Мелья - Юрий Погосов
Шрифт:
Интервал:
Закладка:
Экономический подъем не вызвал улучшения жизни трудящихся. Социальные противоречия еще больше обострились, и забастовки принимали ярко выраженный политический характер.
В эти годы активизация рабочего движения началась с Национального рабочего конгресса в конце августа 1914 года, хотя по своему характеру он был реформистским и его поддерживали официальные власти.
Когда до острова дошли первые вести об Октябрьской революции, это вызвало энтузиазм у всех прогрессивных элементов кубинского общества. И сразу же после 1917 года в рабочем движении Кубы намечается спад влияния анархо-синдикализма и реформизма, к тому же многие анархисты горячо поддержали революцию в далекой России. Так, Анархистская группа Гаваны решила издать «Купон присоединения к России». По мысли авторов «Купона», всякий заполнивший бланк «Купона» (имя, адрес) получал возможность «присоединиться» к русской революции, вернее поддержать ее своим голосом солидарности. В городе Кайбарьене анархисты собирали средства для помощи русскому пролетариату.

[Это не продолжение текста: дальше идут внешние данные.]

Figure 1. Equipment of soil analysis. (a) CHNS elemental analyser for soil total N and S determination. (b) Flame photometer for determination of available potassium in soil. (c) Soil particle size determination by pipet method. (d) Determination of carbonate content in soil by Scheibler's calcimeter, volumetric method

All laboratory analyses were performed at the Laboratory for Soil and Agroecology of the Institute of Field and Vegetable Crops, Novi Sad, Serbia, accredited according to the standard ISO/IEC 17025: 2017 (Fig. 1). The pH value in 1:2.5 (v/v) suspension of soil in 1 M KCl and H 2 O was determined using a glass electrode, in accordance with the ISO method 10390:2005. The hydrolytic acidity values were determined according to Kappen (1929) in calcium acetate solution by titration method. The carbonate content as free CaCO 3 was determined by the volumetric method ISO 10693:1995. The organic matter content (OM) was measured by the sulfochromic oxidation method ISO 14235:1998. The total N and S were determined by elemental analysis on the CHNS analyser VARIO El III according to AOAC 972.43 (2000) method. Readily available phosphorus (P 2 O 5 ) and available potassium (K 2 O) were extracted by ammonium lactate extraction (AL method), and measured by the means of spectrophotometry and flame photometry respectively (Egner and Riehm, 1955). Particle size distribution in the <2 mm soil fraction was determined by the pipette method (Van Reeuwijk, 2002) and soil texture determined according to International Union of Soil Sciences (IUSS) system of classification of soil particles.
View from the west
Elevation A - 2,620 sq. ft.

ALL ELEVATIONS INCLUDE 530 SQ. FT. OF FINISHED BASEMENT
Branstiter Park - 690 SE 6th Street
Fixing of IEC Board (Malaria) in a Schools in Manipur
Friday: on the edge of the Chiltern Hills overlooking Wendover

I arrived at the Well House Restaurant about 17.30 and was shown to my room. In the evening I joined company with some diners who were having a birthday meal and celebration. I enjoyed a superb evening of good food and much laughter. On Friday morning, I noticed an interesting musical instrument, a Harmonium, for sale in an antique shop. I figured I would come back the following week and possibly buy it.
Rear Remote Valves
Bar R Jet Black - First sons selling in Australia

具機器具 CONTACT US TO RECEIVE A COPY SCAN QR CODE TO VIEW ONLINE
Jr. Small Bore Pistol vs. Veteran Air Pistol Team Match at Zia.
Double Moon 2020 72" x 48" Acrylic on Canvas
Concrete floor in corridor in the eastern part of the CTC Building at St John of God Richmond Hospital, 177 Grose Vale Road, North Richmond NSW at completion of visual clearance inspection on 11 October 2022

В 1920 году в Гаване собрался конгресс рабочих, заявивший в своей резолюции, что он полностью солидаризуется с русской революцией, которая является «Маяком, указывающим путь народам». На этом же конгрессе был поставлен вопрос о диктатуре пролетариата и необходимости решительной победы пролетарской революции.
Марксизм прочно входил в сознание пролетариата и прогрессивной интеллигенции. Наступал период непосредственной подготовки к созданию подлинно марксистской партии.
ЧАСТЬ ПЕРВАЯ
Третий день голодовки
Сквозь зарешеченное окно робко пробивался свет, оставляя на противоположной стене белесые пятна.
Железная кровать протяжно заскрипела. Человек приподнялся, сел и опустил ноги. Холодный цемент обжег обнаженные ступни, но человек не двигался, словно прислушиваясь к ночным тюремным звукам. Затем медленно опустился на подушку и так же медленно вытянул ноги. Третий день давался с трудом. Его сильное тело требовало движений и пищи…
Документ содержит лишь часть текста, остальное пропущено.